Tout n’est pas blanc ou noir : le film reflète cette réalité. Même si l’exil est dur, certaines choses nous nourrissent. Mohamed est pragmatique : il fait le tri et garde ses attaches. On est doubles, mais la question identitaire n’est pas le propos du film. Son environnement parle de lui et de son évolution. Il est un peu tout le monde : c’est un homme simple, un ouvrier, qui a aussi sa singularité et son regard.
On perçoit dans le film une volonté de s’échapper du sociologique ou du réalisme pour aller vers l’intériorité du personnage.
C’était mon intention de départ. C’est l’humanité qui m’intéressait : la vie, la mort, la maladie, l’ailleurs… Le traitement social n’était pas au centre.
La maladie qui le déchire semble être un mal qui l’habite. L’exil en soi ? Certains le vivent aussi comme une richesse…
Il y a un peu des deux. En exil, on se sent toujours en décalage. Mohamed réfléchit à ce qui l’entoure et à lui-même. Sa souffrance est personnelle : on est seul avec la maladie. Il y a le mal de l’exil et le mal d’être exilé, ce qui n’est pas la même chose.
Vous jouez sur le champ et le hors champ : dans une conversation téléphonique ou confronté à des enfants, le contre champ disparaît. Ce côté distancié s’affirme ainsi de plus en plus, le montage s’ajoutant au jeu du personnage.
On avait bien sûr tout le matériel au tournage et, lors du montage, on fait effectivement un travail de destruction. Plus on avance dans le voyage, plus il se détache.
Il y a deux moments où les enfants d’immigrés sont violents. Mohamed secoue la tête et cela fait partie de sa prise de distance.
Il est en décalage. Cela le concerne et cela renforce son exil.
Le montage préserve la durée, ce qui n’est pas sans déclencher des réactions agressives de certains spectateurs.
Le film n’aurait pas pu être plus ramassé car cela aurait été un autre film. C’est durant le montage que les choses se sont imposées. C’est le personnage qui a amené cette durée. Le montage s’est travaillé à l’image près. On a pris le temps de travailler, sans contrainte. Je me préoccupais plus de la démarche que du confort du spectateur. Une spectatrice m’a dit avoir été gênée par la durée et pourtant ne pouvoir mettre le film de côté : elle disait n’avoir pas pu dormir de la nuit. C’est vrai que certaines réactions sont violentes mais il y a aussi ceux qui écoutent le film tel qu’il est. Il est normal que les spectateurs se divisent ainsi.

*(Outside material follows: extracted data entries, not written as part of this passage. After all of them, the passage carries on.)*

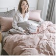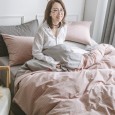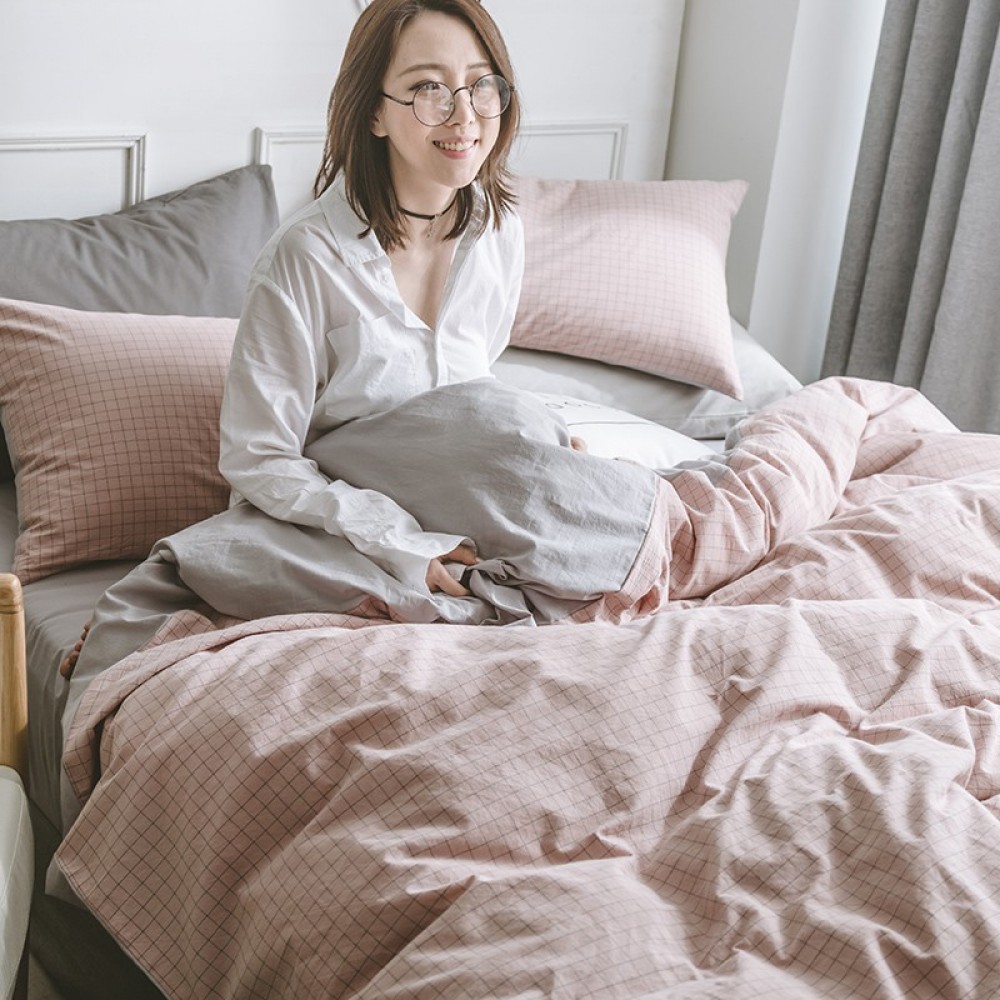 Fashionable Japanese Washed Cotton Simple Striped Lattice Cotton Bedding 1.5m1.8 Meter Bed Sheet Four-piece Set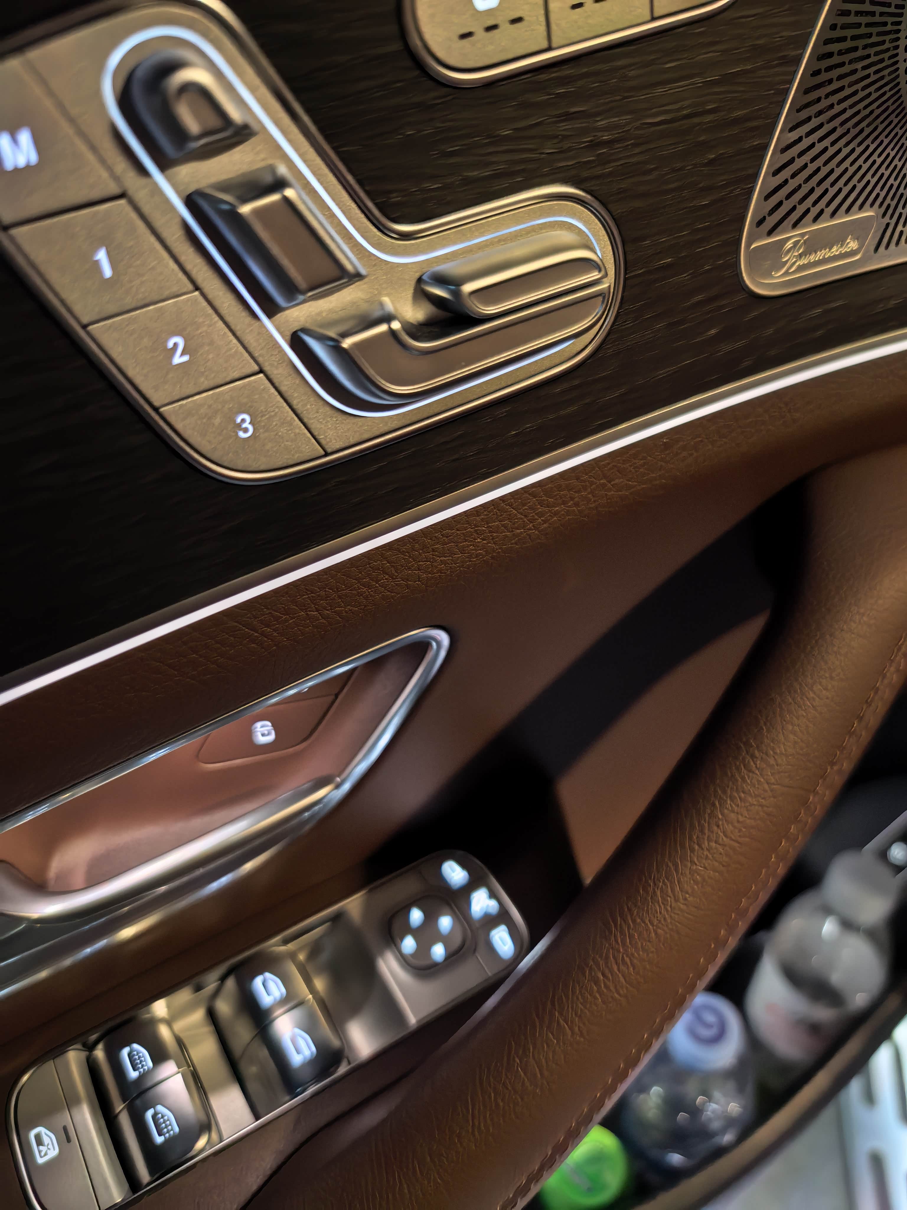 请问下,gle450正负驾驶门板按键周边这圈灯带发光不均匀这种情况正常吗?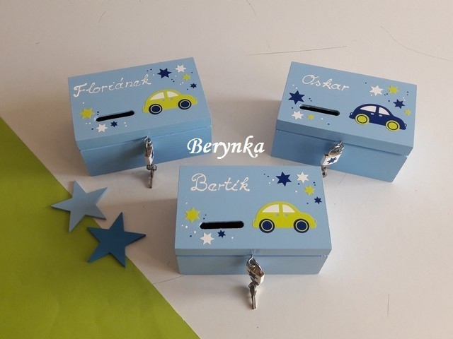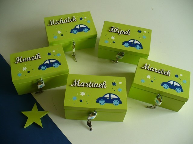 Je možné udělat i jiné provedení pokladničky a doplnit další dekorace do sady pro holky i kluky.

La monteuse Andrée Davanture a la réputation de respecter le désir des réalisateurs du Sud.
C’est sa grandeur. C’est une vraie technicienne qui respecte l’œuvre, même lorsqu’on a des difficultés à exprimer ce qu’on veut dire. Elle se fait aussi pédagogue. C’est maintenant une complicité de longue date. Elle avait fait le montage de Fatma.
La musique est elle aussi dérangeante, parfois stridente.
Alain Bergala écrivait qu’il faut que l’auteur soit travaillé par le film assez longtemps pour que le film travaille la question. Cela se vérifiait aussi sur la musique. J’aime beaucoup le jazz. Si Miles Davis était encore en vie, je lui aurais proposé de faire la musique du film. Mon fils (qui vient d’avoir 32 ans, est l’auteur d’une thèse sur l’esclavage à Cuba et enseigne en fac) m’a branché sur un jeune musicien avec qui cela s’est très bien passé.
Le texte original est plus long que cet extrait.